Ontario is home to one of Canada’s largest outdoor music festivals – Ottawa’s annual Bluesfest – and this year, on its 20th anniversary, country music felt at home.
The 10-day-long outdoor music festival is held at Lebreton Flats, where fans of all kinds can sneak evening views of the light shining from Parliament Hill and feel refreshing, cool breezes blowing off the nearby Ottawa River.
Ottawa’s annual Bluesfest overlooking Parliament Hill
For a festival that prides itself on being about more than just blues, it certainly delivered on that promise this year – with a diverse range of music and people who came out to enjoy it. Sure, it brought rhythm. It brought the blues. And it also brought country.
Lots of it.
Set in the nation’s capital, the talent that lights up the festival’s six main stages is world-class. Its past roster boasts acts like Sting, Bob Dylan, KISS, James Brown, The Dixie Chicks and Zac Brown Band.
But country continues to grow deeper roots in our province, and it’s evident by the Nashville-inspired lineup at this year’s Bluesfest. Dean Brody and Blake Shelton performed on opening night – the headliner’s first appearance in Ottawa. Darius Rucker played the following evening, spending his Fourth of July in Ontario. Sam Hunt, David Nail and CMAO Male Artist of the Year winner Tim Hicks opened for Lady Antebellum, closing out the festival’s first weekend. Finally, The Band Perry brought its energy to the stage the following week. It was the trio’s second time performing in the city.
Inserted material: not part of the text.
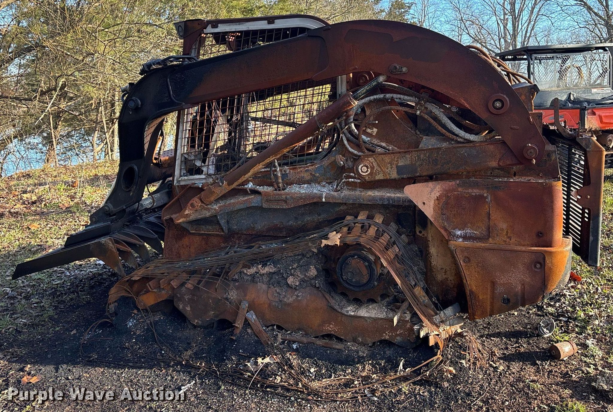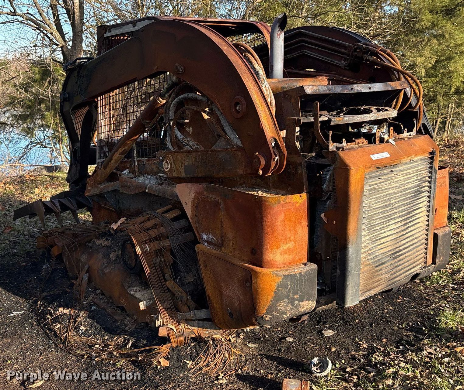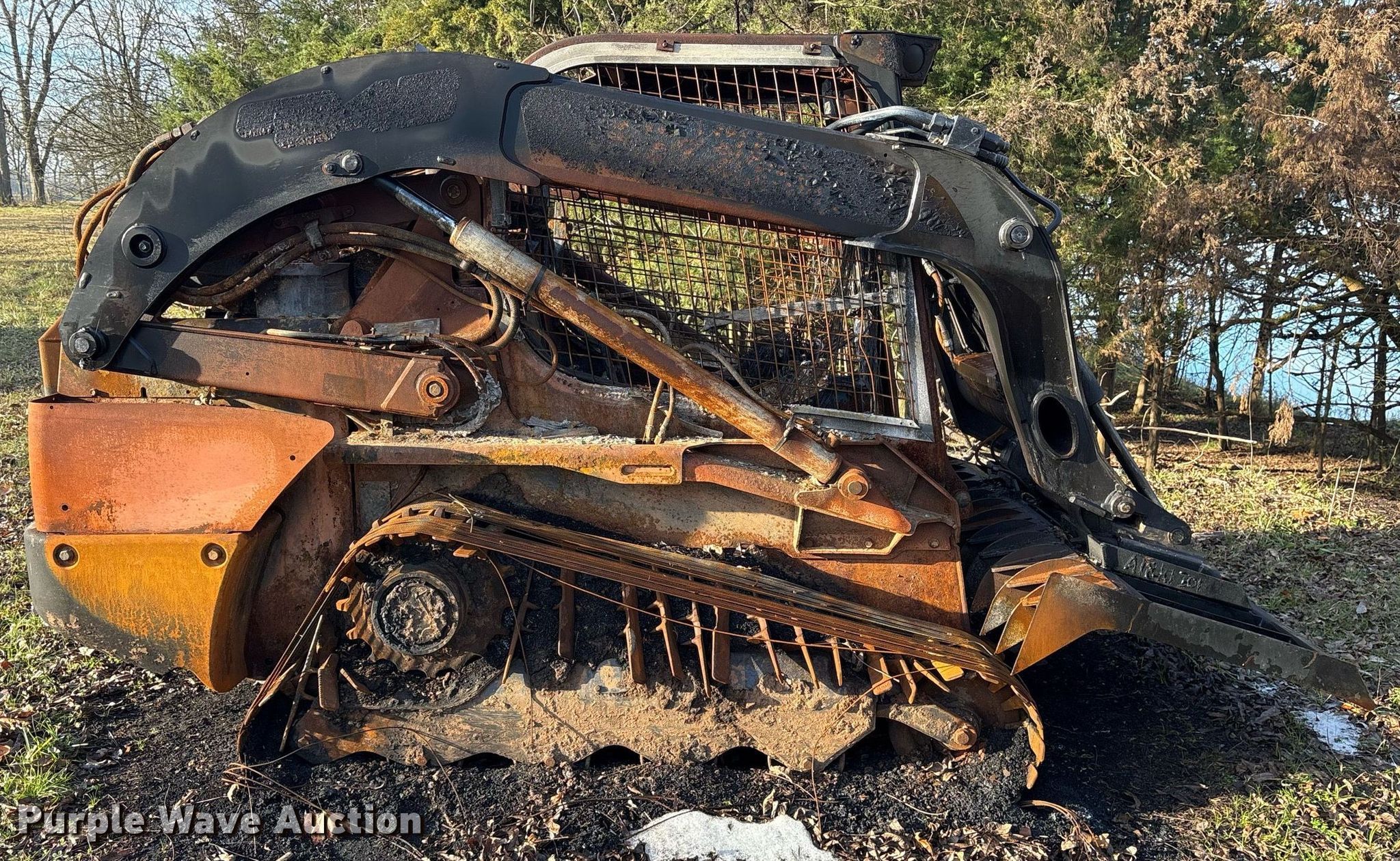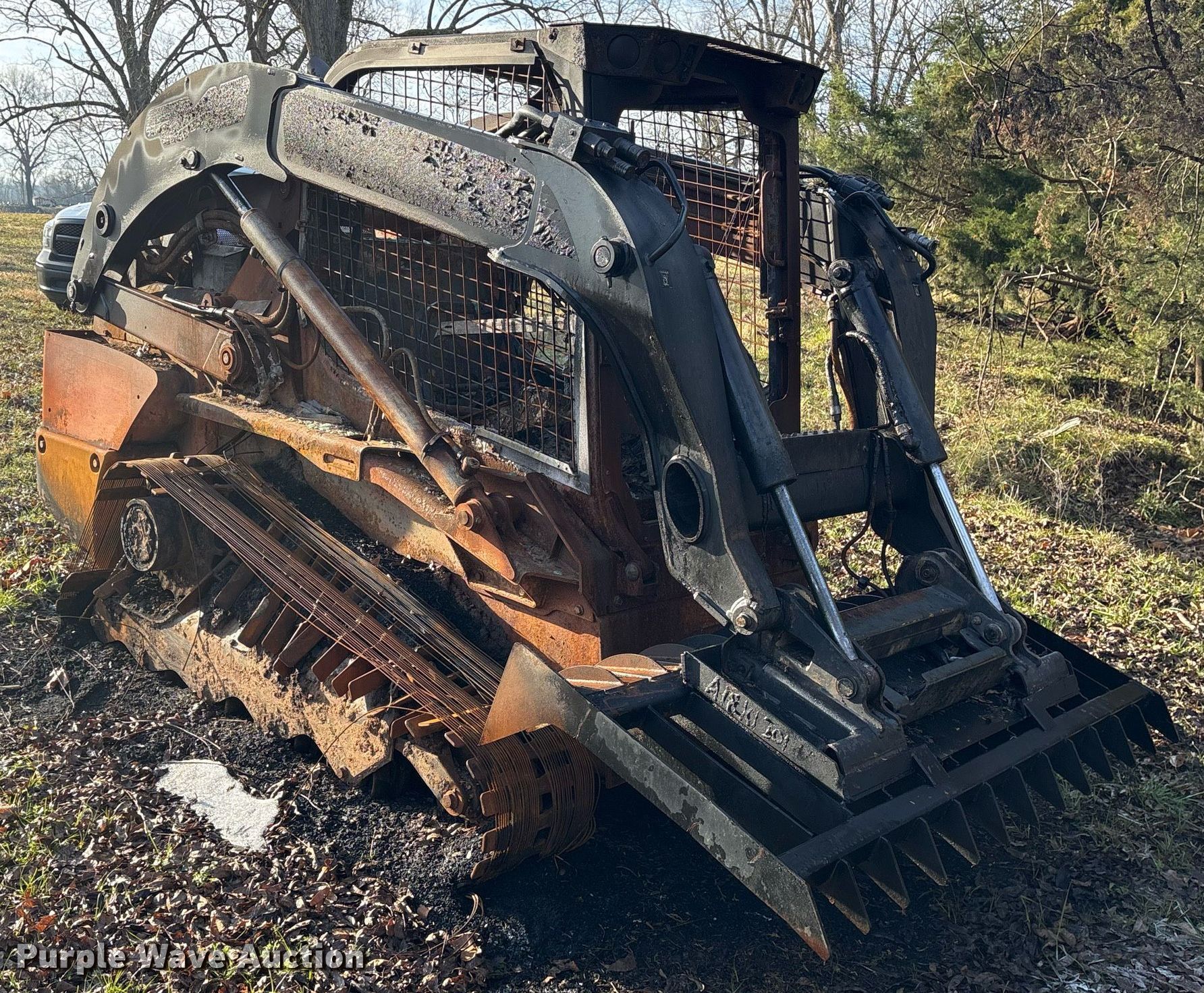 2023 New Holland C345 NR tracked skid steer loader. Hours: Unknown, Serial: NPM425800, Insurance salvage unit claim #: 4-815699. Engine Cylinders: 4, Fuel type: Diesel. Operators station Enclosed cab. Features Bucket New Holland, Width: 78", Low profile, Cutting edge: Bolt-on. Notes Rock blade not included, Fire damage, Door missing, Glass cracked, Dead battery, Non-operational unit. Oklahoma Farm Bureau. Haworth, OK 74740

Blake Shelton was seemingly the most popular among the country crowds during the festival, bringing in flocks of fans to see him perform newer and older hits, including Boys ‘Round Here and his first single, Austin. The Voice judge had the show’s contestant Gwen Sebastian on accompanying vocals and quipped one-liners throughout his set.
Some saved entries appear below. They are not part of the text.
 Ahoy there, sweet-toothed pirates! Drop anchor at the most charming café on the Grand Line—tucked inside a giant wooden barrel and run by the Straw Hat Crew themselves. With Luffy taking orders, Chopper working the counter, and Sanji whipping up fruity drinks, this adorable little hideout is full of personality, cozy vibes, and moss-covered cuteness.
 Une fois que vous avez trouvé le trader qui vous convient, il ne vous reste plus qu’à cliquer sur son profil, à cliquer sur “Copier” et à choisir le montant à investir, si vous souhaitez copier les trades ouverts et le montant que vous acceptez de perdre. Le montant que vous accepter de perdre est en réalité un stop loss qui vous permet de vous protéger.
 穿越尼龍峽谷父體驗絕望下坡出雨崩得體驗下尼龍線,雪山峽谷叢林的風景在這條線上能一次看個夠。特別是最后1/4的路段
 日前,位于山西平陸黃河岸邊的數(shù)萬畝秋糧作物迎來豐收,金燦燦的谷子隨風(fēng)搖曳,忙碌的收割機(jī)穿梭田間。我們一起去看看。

Shelton’s upbeat show had fans dancing and swaying their phones in the air
Ontario’s Tim Hicks gave a shout-out to country radio and festivals like Bluesfest across the province that provide artists an opportunity to pursue what they love and make a career out of it.
Country fans and artists alike came out to see these acts, hoisting their red solo cups up for big hits and waving their phones in the air during ballads. As The Band Perry’s lead singer Kimberly put it, “The most amazing thing we love about country music is it brings people together.”
It brought so many together – Bluesfest recorded a total of more than 300,000 attendees at last year’s festival – that artists seemed surprised by the number of country fans who filled the grounds for a “blues festival.”
“Where did all you rednecks come from?” joked Shelton. “There are a lot of free spirits up in Canada,” proclaimed Kimberly Perry. Lady A’s Hillary Scott also alluded to the genre’s success north of the border during their set, saying, “country music is alive and well here in Canada.”
Country music doesn’t just bring people together, but brings styles together, too. Bands brought with them Nashville’s ever-expanding musical influences, with The Band Perry playing Amazing Grace and Ke$ha’s Timber back-to-back during their set and Shelton doing a country cover of Michael Buble’s Home.
For an event that’s all about the music, these were fitting. While Bluesfest started out as mainly a celebration of blues, it has grown to be one of the continent’s most important music events… and ensuring a strong country music presence is a part of that.